Another year of cooking, experiments, and insights, and I still don't think I've come even close to unlocking the potential of acorns. Yes, acorns. You know, those things that fall from oak trees?
Readers of this space know I've written extensively on collecting and eating acorns, how acorns are eaten in other world cultures, and on the important role acorns play in a wild diet. I also have a series of acorn recipes. What else was there to write?
You can really taste the nuttiness and the warm, "dark" flavor of the acorns in the spaetzle. It was my favorite acorn dish
Lots, apparently. For starters, there are nearly as many ways to get the bitter tannins out of the acorns as there are people who eat them, which is to say, um, at least a dozen. Different species of acorns also taste different, and will act differently in the kitchen. Some are oily, some more floury, some light, some dark.
The best reference point I can give you for all acorns is the chestnut. Both nuts are slightly mealy, share the same color, have a similar nutrient content, and act pretty much the same in the kitchen; chestnuts taste a little sweeter, but acorns caramelize more easily.

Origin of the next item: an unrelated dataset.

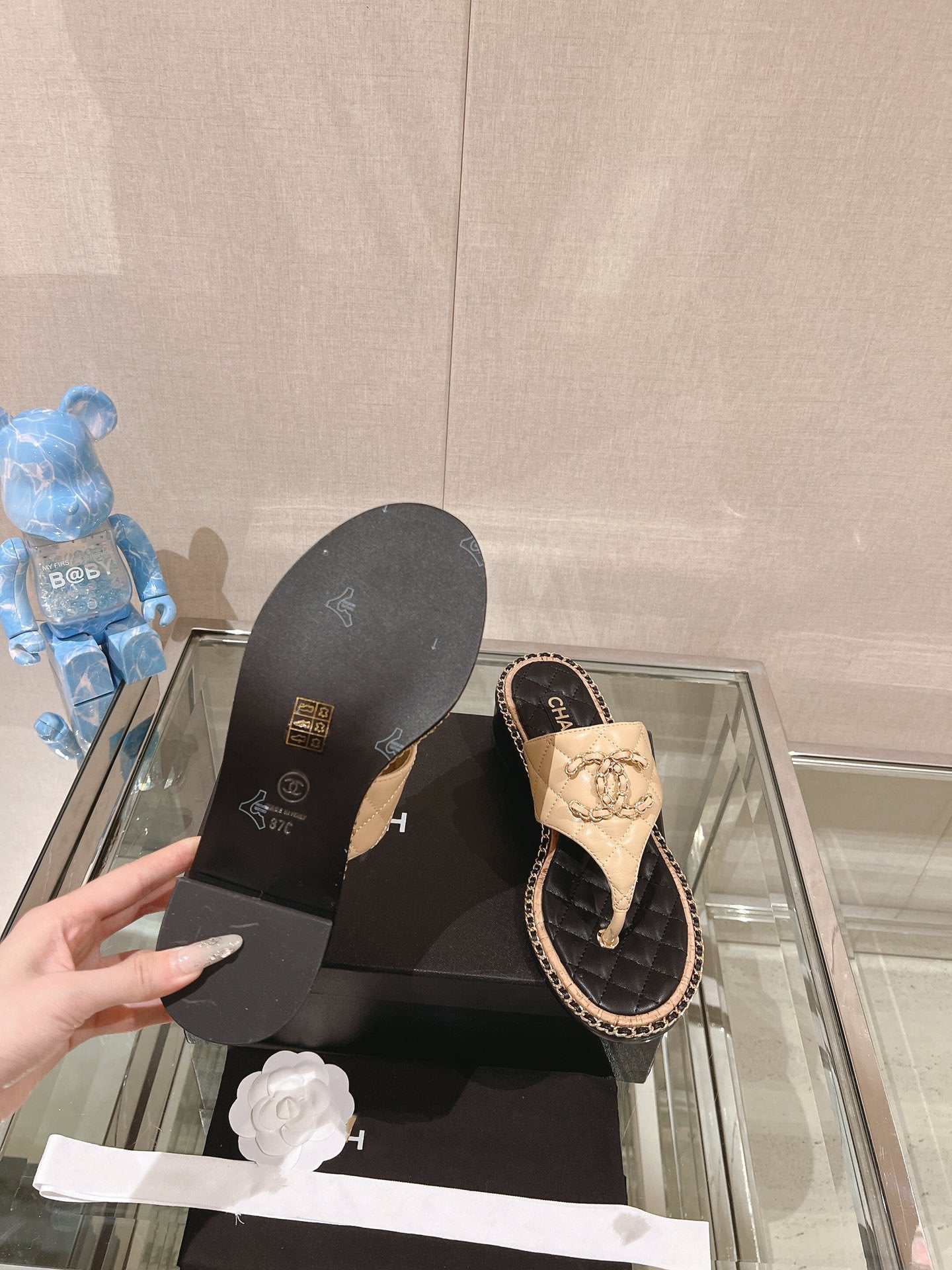 cc thong sandal 50 beige black quilted lambskin

A few weeks ago I went to my acorn spot, a grove of giant Valley oaks that regularly drop tons of acorns—not an exaggeration. This year, however, the trees did not set. No acorns to speak of. None. Oaks will do this, however, so a forager needs to have several spots scoped out in case one doesn't pan out.

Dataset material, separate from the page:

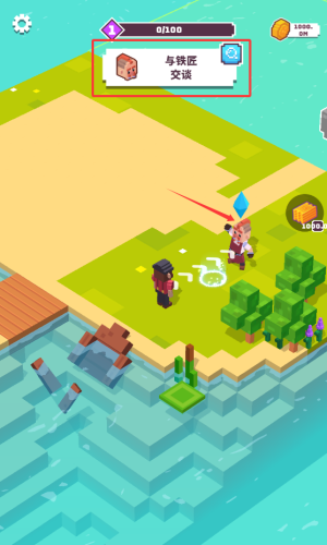 3、与红框箭头所指的铁匠交谈接取任务。

Fortunately this year I had help. A friend of my friend Jim has a horse paddock underneath lots of oaks. Oaks that were dropping acorns something fierce. Every morning she picked up the acorns, because apparently horses get sick if they eat too many. Did I want them? Hell, yeah I did! So I met Jim and he handed over nearly 30 pounds of acorns.
Sadly, almost a third had the tell-tale hole in them that means an acorn weevil ate the nut. These acorns went outside, food for squirrels. Another portion were from an oak that set tiny acorns, not really worth bothering with. But the bulk of the remainder were acorns from California's blue oak, a "sweet" oak species whose acorns require minimal processing.
Last season I ran out of acorn flour, so I was determined to make more this time. And this time I decided to use cold water to leach out the bitterness in the acorns; last season I used boiling water. Boiling water happens to leach out some important starches in the acorns, and the resulting flour won't stick to itself as well as flour made with cold water.
This matters, because acorn flour lacks gluten—so you need every little bit of stick-to-itive-ness you can get. I also found that cold-leached flour tasted more acorn-y, and was lighter in color.
The catch? It takes many days to make cold-leached acorn flour. Here's how:
• Crack your acorns into a bucket of water, then extract them from the shells into a large bowl of water. Keeping the nuts under water helps preserve the light color—acorns oxidize and turn dark easily.
• Fill a blender half full with acorns and cover with fresh water. Buzz the hell out of them, until you have what really, really looks like a coffee milkshake. Far be it from me to suggest a truly excellent practical joke right now....
• Pour the mix into large jars (big Korean kimchee jars are great) about halfway and top off with more water. Seal the jar and shake everything up. Put the jar in the fridge.